- [The task] Print exactly the lines that run from the one containing "Elevated ceilings and" to the final line of the data, both included, and print none of the pictures.

*** Begin section ***

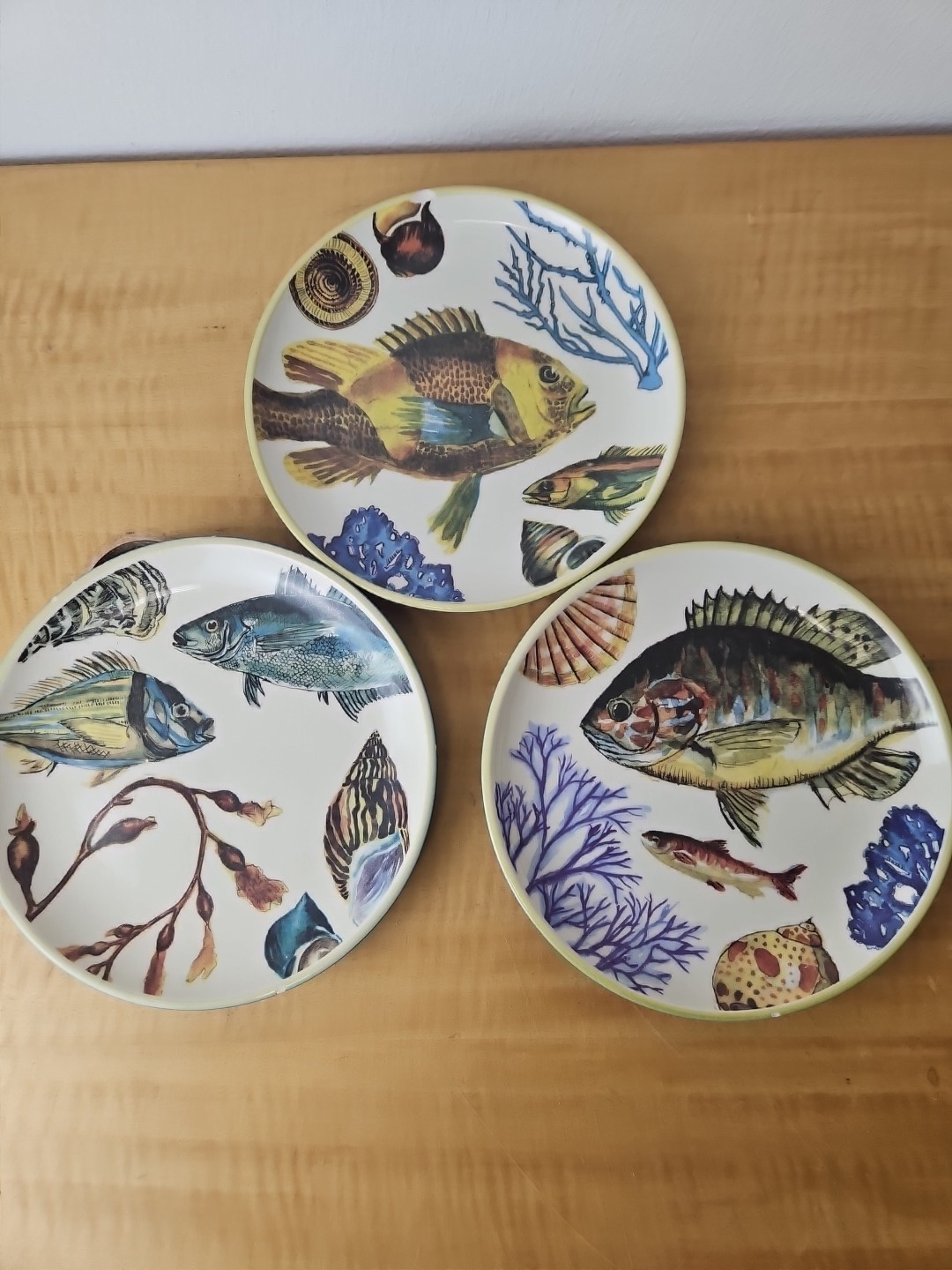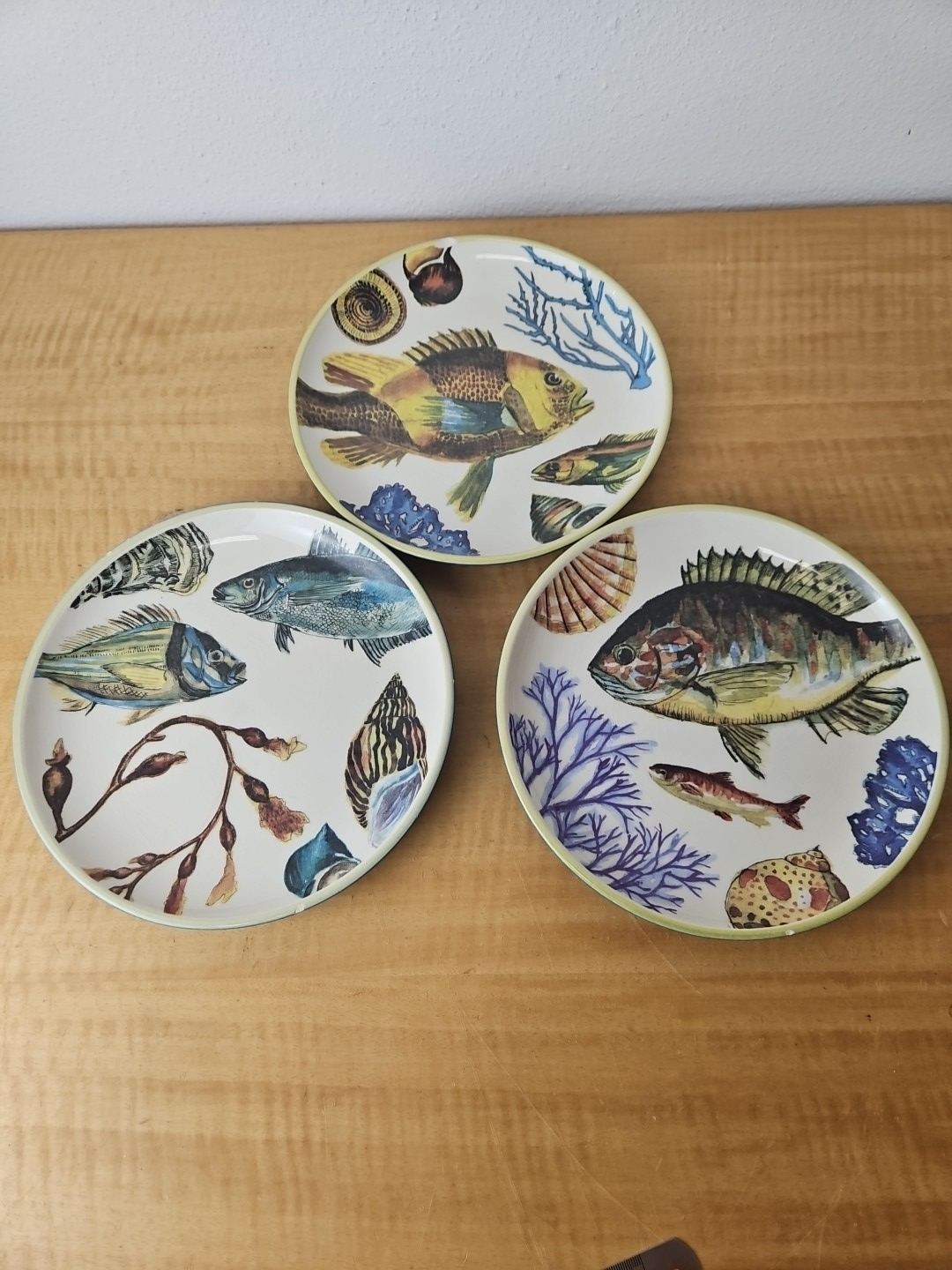 set of 3 Williams Sonoma 2012 POISSON MARC LACAZE fish plates 8 3/4"
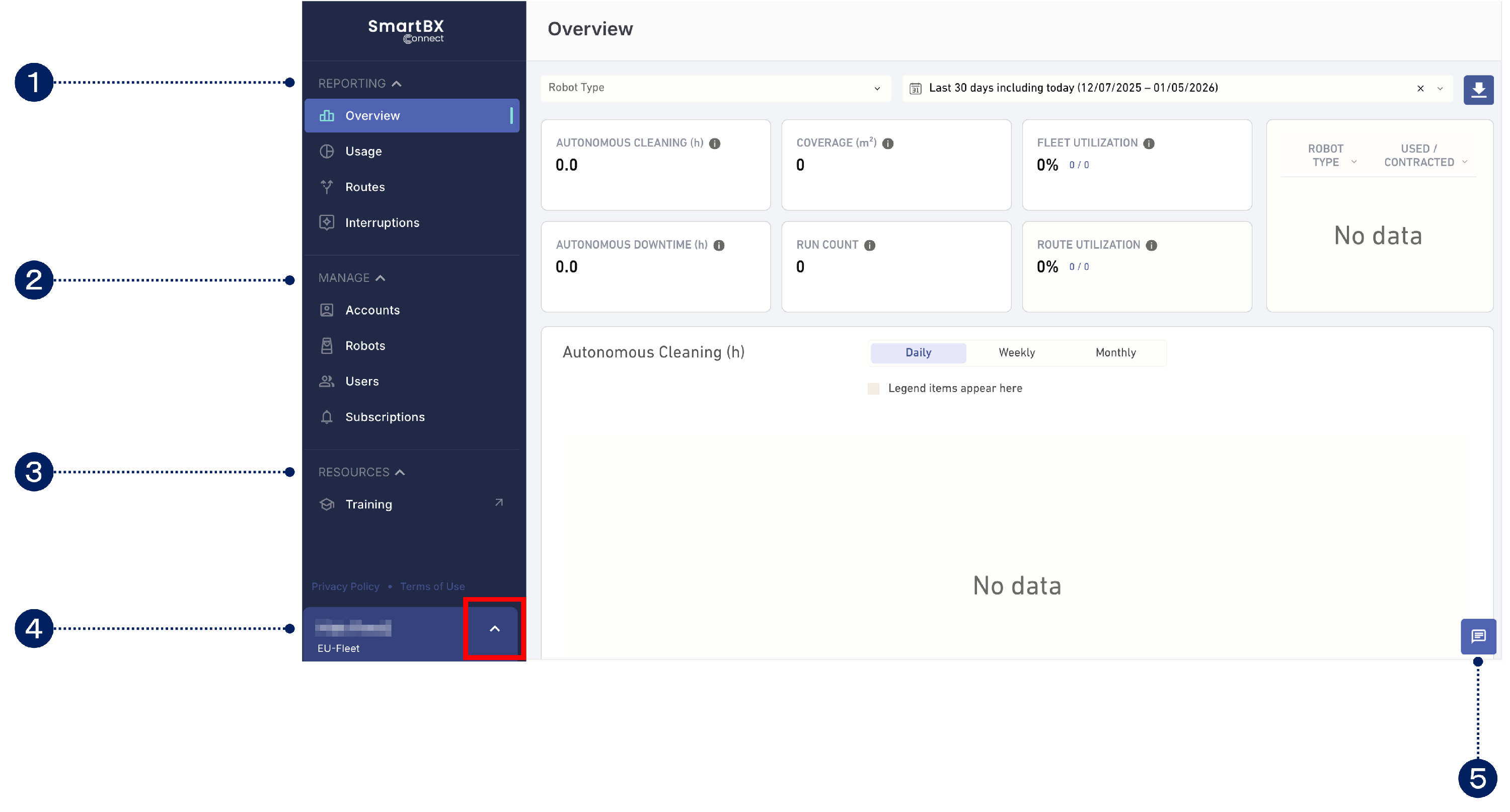サインイン後、SBX Connectのインターフェイスから、レポート、管理ツール(アカウント、ロボット、センサー、ユーザー)、ヘルプセンターへのリンク、および個人設定にアクセスできます。表示されるセクションとアクションは、ユーザー権限や通知設定によって異なります。
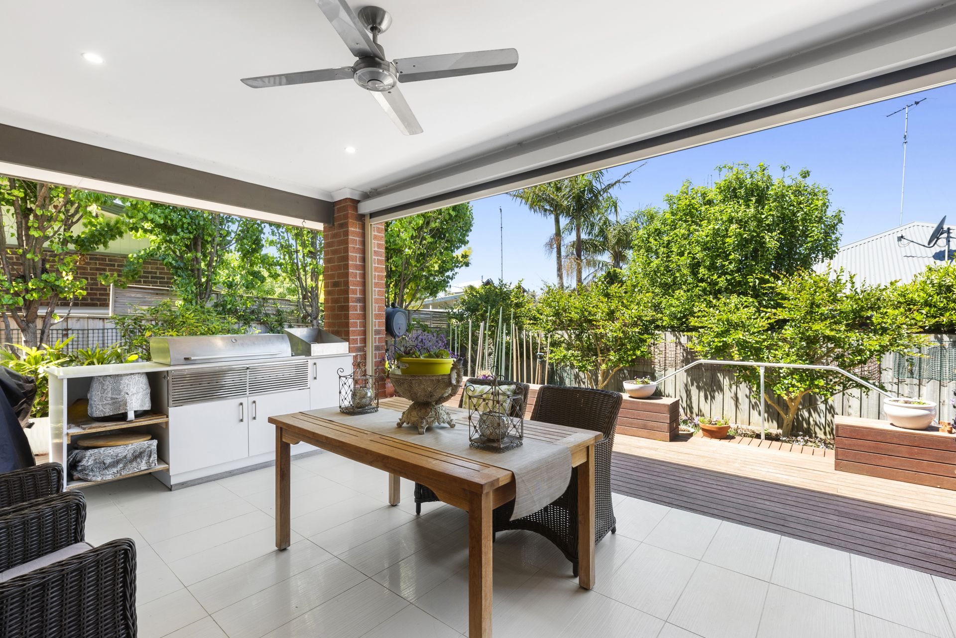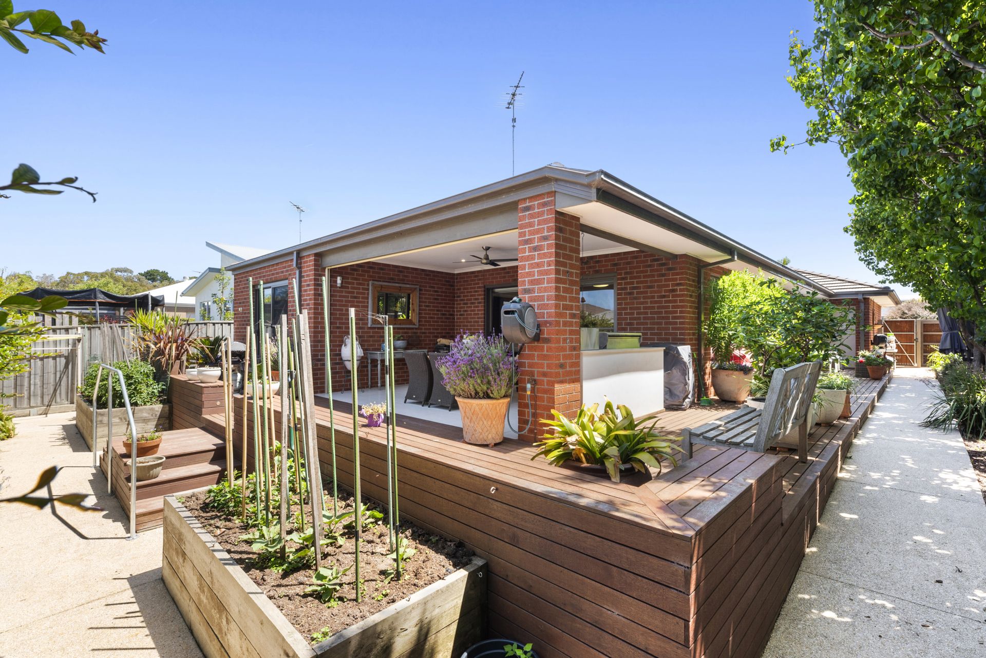 Elevated ceilings and expansive glazed windows bathe the interiors in natural light, allowing you to bask in the full north aspect. The integration effortlessly extends to the wrap-around deck, alfresco area, and well-established backyard. The home boasts three bedrooms, with the master tucked away featuring built-in robes, an ensuite, and rear access to the lush gardens and patio. The additional bedrooms are served by a central bathroom.
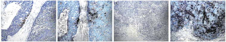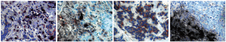 | 图 1 乳腺浸润性导管癌组织中ALDH1/CD133各种表型细胞(SP×400) Figure 1 ALDH1/CD133 phenotypic cells in breast invasive ductal carcinoma tissues (SP×400) |
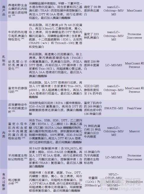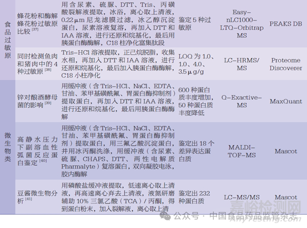 蛋白質(zhì)組學(xué)技術(shù)的發(fā)展為食品相關(guān)研究打開(kāi)了新思路,不僅可以用于蛋白質(zhì)種類(lèi)鑒定,還可用于蛋白質(zhì)含量檢測(cè),以及分析不同物種、產(chǎn)地、生長(zhǎng)階段的食品蛋白質(zhì)組分和食品加工過(guò)程蛋白質(zhì)組變化等。目前,蛋白質(zhì)組學(xué)技術(shù)已在食品的諸多品類(lèi)中有應(yīng)用,如農(nóng)產(chǎn)品、海產(chǎn)品、乳制品、肉類(lèi)、微生物類(lèi)以及食品過(guò)敏原等(表2)。

*** End section ***

- [Result for this exercise]
 Elevated ceilings and expansive glazed windows bathe the interiors in natural light, allowing you to bask in the full north aspect. The integration effortlessly extends to the wrap-around deck, alfresco area, and well-established backyard. The home boasts three bedrooms, with the master tucked away featuring built-in robes, an ensuite, and rear access to the lush gardens and patio. The additional bedrooms are served by a central bathroom.
 | 图 1 乳腺浸润性导管癌组织中ALDH1/CD133各种表型细胞(SP×400) Figure 1 ALDH1/CD133 phenotypic cells in breast invasive ductal carcinoma tissues (SP×400) |
 蛋白質(zhì)組學(xué)技術(shù)的發(fā)展為食品相關(guān)研究打開(kāi)了新思路,不僅可以用于蛋白質(zhì)種類(lèi)鑒定,還可用于蛋白質(zhì)含量檢測(cè),以及分析不同物種、產(chǎn)地、生長(zhǎng)階段的食品蛋白質(zhì)組分和食品加工過(guò)程蛋白質(zhì)組變化等。目前,蛋白質(zhì)組學(xué)技術(shù)已在食品的諸多品類(lèi)中有應(yīng)用,如農(nóng)產(chǎn)品、海產(chǎn)品、乳制品、肉類(lèi)、微生物類(lèi)以及食品過(guò)敏原等(表2)。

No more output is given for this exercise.